Oct 17 '24 21:10 santhoshvly

thanks for writing, @santhoshvly

That is correct, the P4[1] GPUs are no longer supported[4] since the kernel requires GPL licensing, and the older drivers were not released under that license. Wish I could help.

Please try T4[2] or L4[3] for similar cost for performance. I run my tests on n1-standard-4 + 1 single T4 for each master and worker node. I burst up to H100 for some tests.

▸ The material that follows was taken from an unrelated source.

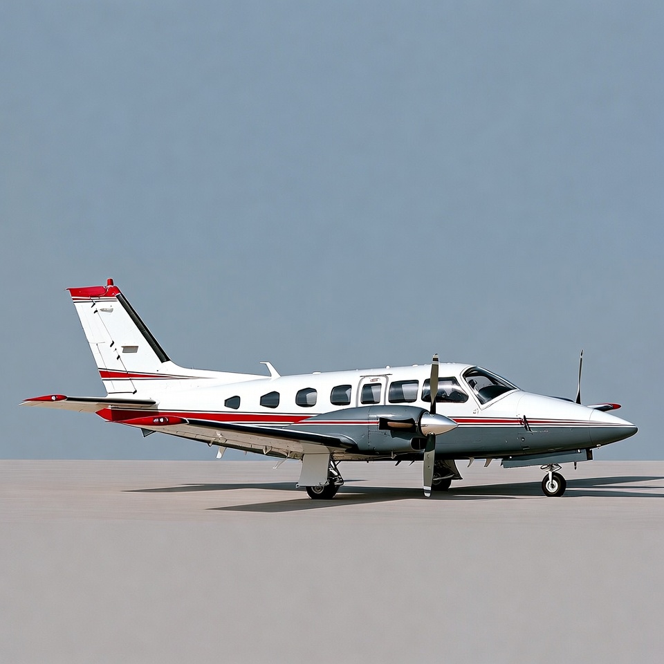 Beechcraft, aircraft, aviation, aviation photography, blue sky, gray stripes, isolated background, landing gear, parked airplane, passenger windows, private jet, propeller plane, red accents, small plane, tarmac, twin engine, white airplane, airplane

[1] https://github.com/NVIDIA/open-gpu-kernel-modules/issues/19 [2] https://cloud.google.com/compute/docs/gpus#t4-gpus [3] https://cloud.google.com/compute/docs/gpus#l4-gpus [4] https://forums.developer.nvidia.com/t/390-154-driver-no-longer-works-with-kernel-6-0/230959

Oct 17 '24 23:10 cjac

It may be possible to build kernel drivers from an image released before 2023, but it's not a really great long-term solution, and I have not confirmed that it would work. Can you move off of the P4 hardware?

Oct 18 '24 01:10 cjac

Can you increase your timeout by 5-10 minutes? I do have a fix that's in the works for the base image, and once it gets published, we should be able to skip the full upgrade in the init action.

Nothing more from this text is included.